Why it matters: Thousands of historic audiovisual items are kept at OSU, especially its special collections — and without digitization, these items largely sit unused and forgotten.
- "Unlike a book you can pull off the shelf, these items need to be in a format you can see," associate director of digitization Amy McCrory tells Axios.
Driving the news: This week, OSU hosts the 12th annual edition of Cinema Revival, a film festival celebrating the restoration work and bringing historic films to the big screen.
By the numbers: A 2020 assessment of OSU's special collections estimated they contained at least 15,000 reels of 16mm film, 10,000 CDs, 10,000 compact cassettes, 10,000 phonographs and more than 20,000 pieces of media in other formats.
Flashback: For years, OSU students and researchers outsourced digitization for their projects to specialist vendors who cost money and took weeks to process.
- In 2022, McCrory was given access to new funding to create "a new era for this department."

State of play: The new audiovisual preservation and digitization unit opened in 2023 and can now digitize everything from CDs and cassettes to more obscure open reel audio and U-matic tapes.

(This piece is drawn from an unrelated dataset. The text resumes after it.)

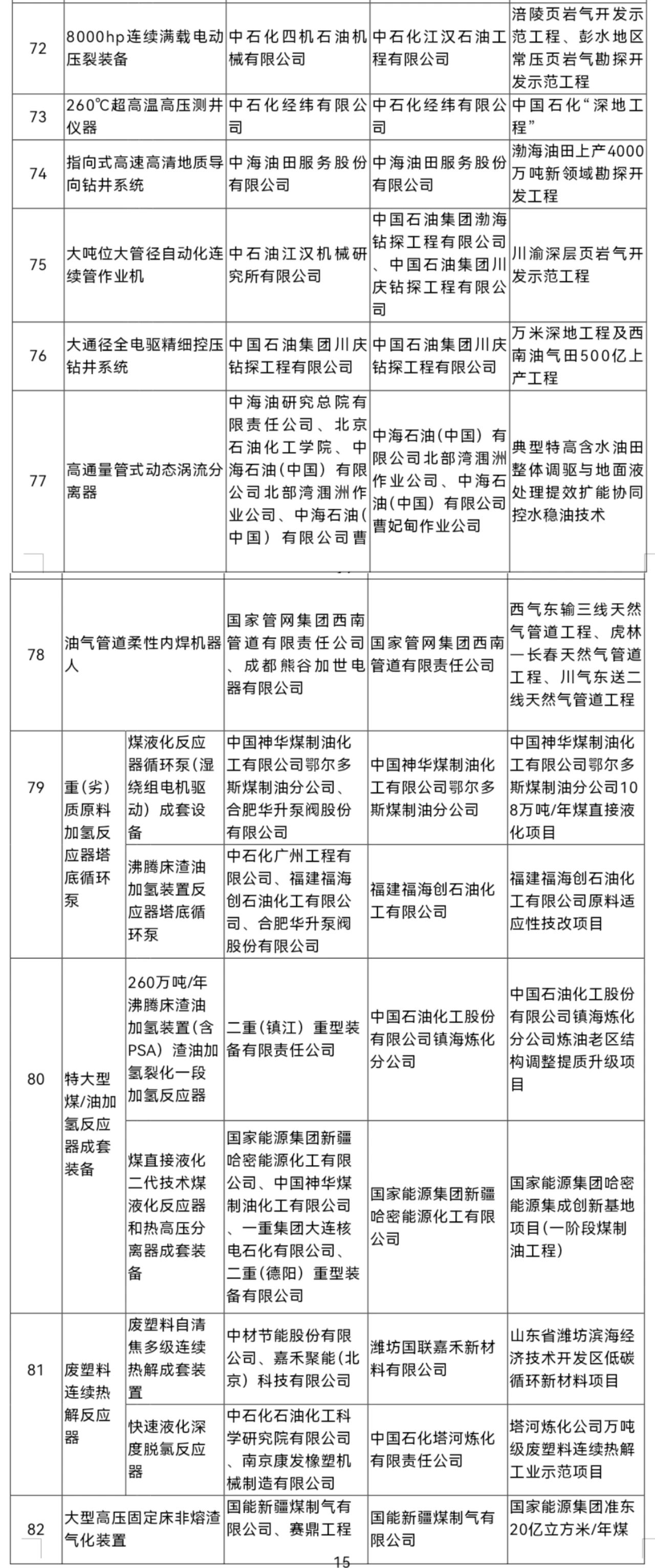 其中,在能源化工領域,中石化、中石油、中海油、國家能源集團等企業(yè)的多臺套技術(shù)裝備入圍名單。具體見下表: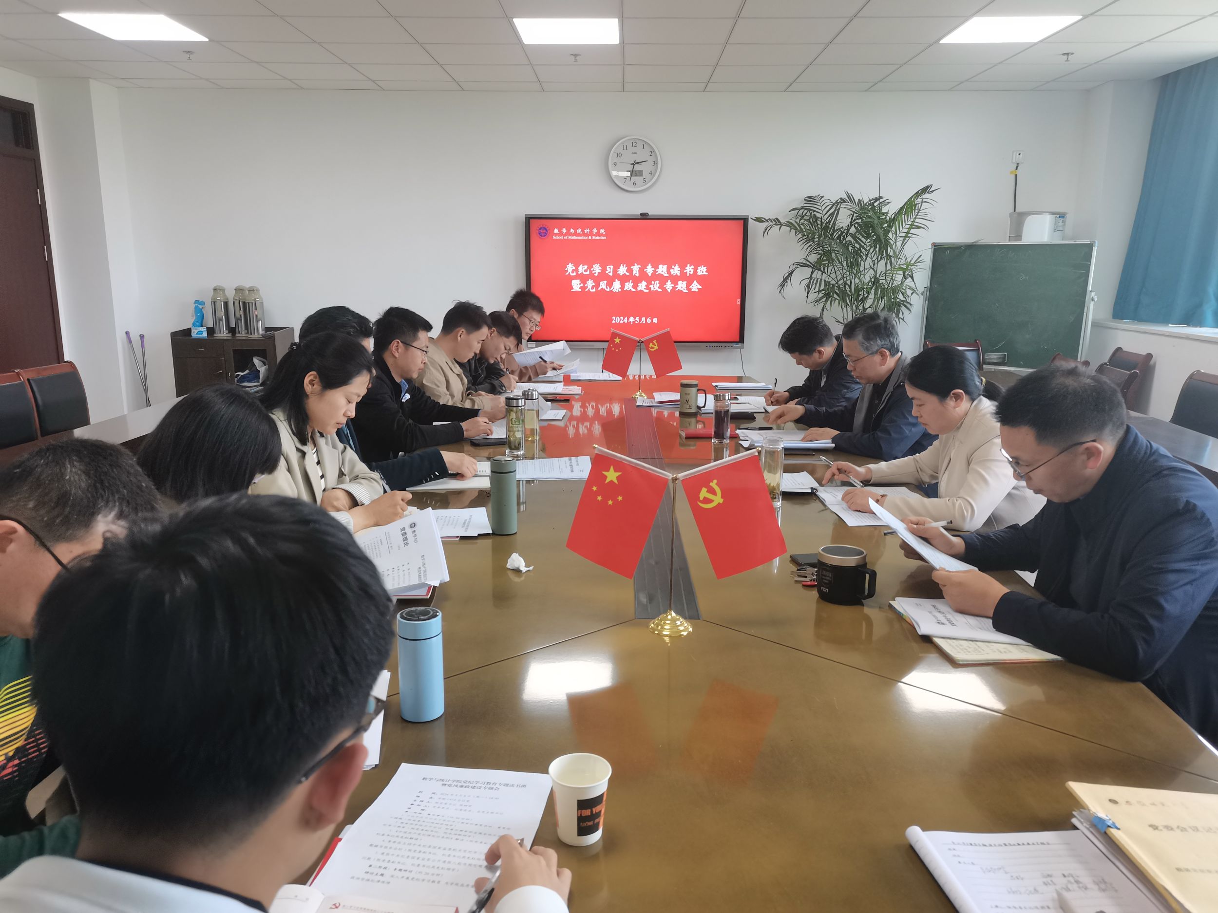 5月6日下午,数学与统计学院党纪学习教育读书班暨党风廉政专题会在文典楼C410会议室举行,深入学习习近平总书记关于党纪学习教育的重要讲话和重要指示精神,解读《中国共产党纪律处分条例》,开展警示教育,进行主题研讨,认真贯彻落实省委和学校工作要求,示范带动学院党纪学习教育扎实开展。学院领导班子、党委委员、纪委委员、师生党支部书记参加会议。会议由院党委书记陈树贤主持。

- They're still working on 16mm film and phonograph capabilities, both requiring expensive and specialized equipment.
- The team works on requests from students and staff (free of charge), combs through the archives and completes special projects sought by outside researchers.
Case in point: The digitization team recently helped writer Carla Kaplan listen to more than 150 audio cassettes for a biography about mid-1900s author and activist Jessica Mitford.
- Along the way, they've uncovered archival media about influential mime Marcel Marceau and Columbus folk artist Elijah Pierce.
Cinema Revival showcases archival footage

The general public won't see much of the work done by the audiovisual preservation and digitization unit, but the annual Cinema Revival festival at the Wexner Center for the Arts allows this archival footage to shine.
What's inside: The lineup includes work spanning nearly a century, including:
- 3D movie "Money from Home," featuring Dean Martin and Jerry Lewis.
- One of Japanese director Mamoru Oshii's early live-action films.
- A collection of French shorts from the earliest days of video.
- Plus a new 70mm print of Steven Spielberg's "Close Encounters of the Third Kind."
What we're watching: The preservation team also put together a 75-minute spotlight that showcases some of its favorite items.
- Unit lead Tim Lanza's favorite is a collection of clips from "Porgy and Bess in Wien," a 1953 short film created as a counter to Soviet propaganda criticizing race relations in the U.S.
- Specialist Sarah Hartzell loved digitizing kinescopes of the 1950s WOSU show "The German Hour," which taught the language through sketch comedy and made her laugh "like a sitcom."
🎟️ If you go: Showings run from Feb. 26 to March 2.
- Festival passes start at $15 for students and are $42 for the general public.